══ Task data ══

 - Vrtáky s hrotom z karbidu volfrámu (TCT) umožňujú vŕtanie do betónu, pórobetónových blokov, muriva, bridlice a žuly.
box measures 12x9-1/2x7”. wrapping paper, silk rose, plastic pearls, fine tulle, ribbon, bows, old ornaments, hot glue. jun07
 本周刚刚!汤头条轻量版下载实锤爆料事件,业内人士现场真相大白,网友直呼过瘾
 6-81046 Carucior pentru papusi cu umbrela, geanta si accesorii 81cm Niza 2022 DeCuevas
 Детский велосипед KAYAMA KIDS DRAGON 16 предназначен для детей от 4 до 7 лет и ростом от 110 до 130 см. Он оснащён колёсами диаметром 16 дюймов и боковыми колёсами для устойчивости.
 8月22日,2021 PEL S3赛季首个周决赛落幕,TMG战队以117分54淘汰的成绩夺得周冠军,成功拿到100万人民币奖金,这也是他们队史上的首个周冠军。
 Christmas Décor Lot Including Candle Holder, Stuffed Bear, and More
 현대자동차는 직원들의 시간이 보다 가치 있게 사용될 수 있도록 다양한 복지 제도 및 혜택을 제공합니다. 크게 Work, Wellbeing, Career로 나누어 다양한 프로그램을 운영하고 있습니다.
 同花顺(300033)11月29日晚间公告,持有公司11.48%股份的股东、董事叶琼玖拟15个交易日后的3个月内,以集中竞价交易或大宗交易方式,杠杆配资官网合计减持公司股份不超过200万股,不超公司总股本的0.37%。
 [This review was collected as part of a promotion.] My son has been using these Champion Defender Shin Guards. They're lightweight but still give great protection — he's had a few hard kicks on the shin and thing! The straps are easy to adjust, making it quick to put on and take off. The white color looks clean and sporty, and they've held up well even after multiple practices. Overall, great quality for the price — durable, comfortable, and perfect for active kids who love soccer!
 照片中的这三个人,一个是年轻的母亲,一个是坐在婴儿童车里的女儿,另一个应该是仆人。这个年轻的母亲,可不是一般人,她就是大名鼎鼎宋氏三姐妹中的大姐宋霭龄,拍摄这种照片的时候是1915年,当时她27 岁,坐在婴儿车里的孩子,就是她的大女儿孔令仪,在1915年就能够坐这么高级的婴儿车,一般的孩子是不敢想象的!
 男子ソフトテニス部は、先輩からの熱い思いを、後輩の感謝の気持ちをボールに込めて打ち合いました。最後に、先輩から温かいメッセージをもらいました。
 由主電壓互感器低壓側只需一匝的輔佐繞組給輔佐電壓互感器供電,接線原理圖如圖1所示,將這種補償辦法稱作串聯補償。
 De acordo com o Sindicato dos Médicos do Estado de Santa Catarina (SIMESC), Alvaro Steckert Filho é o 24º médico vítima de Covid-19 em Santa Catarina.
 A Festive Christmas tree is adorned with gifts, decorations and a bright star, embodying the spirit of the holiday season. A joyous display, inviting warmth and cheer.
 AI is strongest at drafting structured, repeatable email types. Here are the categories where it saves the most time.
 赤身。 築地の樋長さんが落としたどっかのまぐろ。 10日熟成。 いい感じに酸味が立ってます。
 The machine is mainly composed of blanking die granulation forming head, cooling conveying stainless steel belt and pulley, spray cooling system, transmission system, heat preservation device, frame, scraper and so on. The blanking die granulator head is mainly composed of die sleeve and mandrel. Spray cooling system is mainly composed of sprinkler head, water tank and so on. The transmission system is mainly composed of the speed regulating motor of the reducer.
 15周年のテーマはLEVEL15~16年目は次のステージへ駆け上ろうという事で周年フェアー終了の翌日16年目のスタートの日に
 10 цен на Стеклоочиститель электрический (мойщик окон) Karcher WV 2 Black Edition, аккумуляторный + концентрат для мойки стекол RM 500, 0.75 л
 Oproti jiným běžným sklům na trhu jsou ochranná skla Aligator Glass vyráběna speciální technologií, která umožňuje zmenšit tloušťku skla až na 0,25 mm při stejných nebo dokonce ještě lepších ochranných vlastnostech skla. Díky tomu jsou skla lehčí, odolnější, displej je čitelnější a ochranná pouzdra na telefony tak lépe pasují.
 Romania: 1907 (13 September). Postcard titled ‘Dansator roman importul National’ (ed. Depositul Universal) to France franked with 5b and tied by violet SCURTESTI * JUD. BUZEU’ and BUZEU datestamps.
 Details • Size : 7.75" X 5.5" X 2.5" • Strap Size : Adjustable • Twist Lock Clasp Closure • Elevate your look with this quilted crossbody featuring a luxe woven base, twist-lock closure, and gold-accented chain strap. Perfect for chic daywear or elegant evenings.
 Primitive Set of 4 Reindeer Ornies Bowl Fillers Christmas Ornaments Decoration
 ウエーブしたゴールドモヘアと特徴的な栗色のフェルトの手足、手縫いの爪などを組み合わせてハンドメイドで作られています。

═══

*Task description*:
Here the job is to output the lines from the start of the material through the line with "6-81046 Carucior pentru", inclusive, exactly and with nothing else.

*Answer for this exercise*:
 - Vrtáky s hrotom z karbidu volfrámu (TCT) umožňujú vŕtanie do betónu, pórobetónových blokov, muriva, bridlice a žuly.
box measures 12x9-1/2x7”. wrapping paper, silk rose, plastic pearls, fine tulle, ribbon, bows, old ornaments, hot glue. jun07
 本周刚刚!汤头条轻量版下载实锤爆料事件,业内人士现场真相大白,网友直呼过瘾
 6-81046 Carucior pentru papusi cu umbrela, geanta si accesorii 81cm Niza 2022 DeCuevas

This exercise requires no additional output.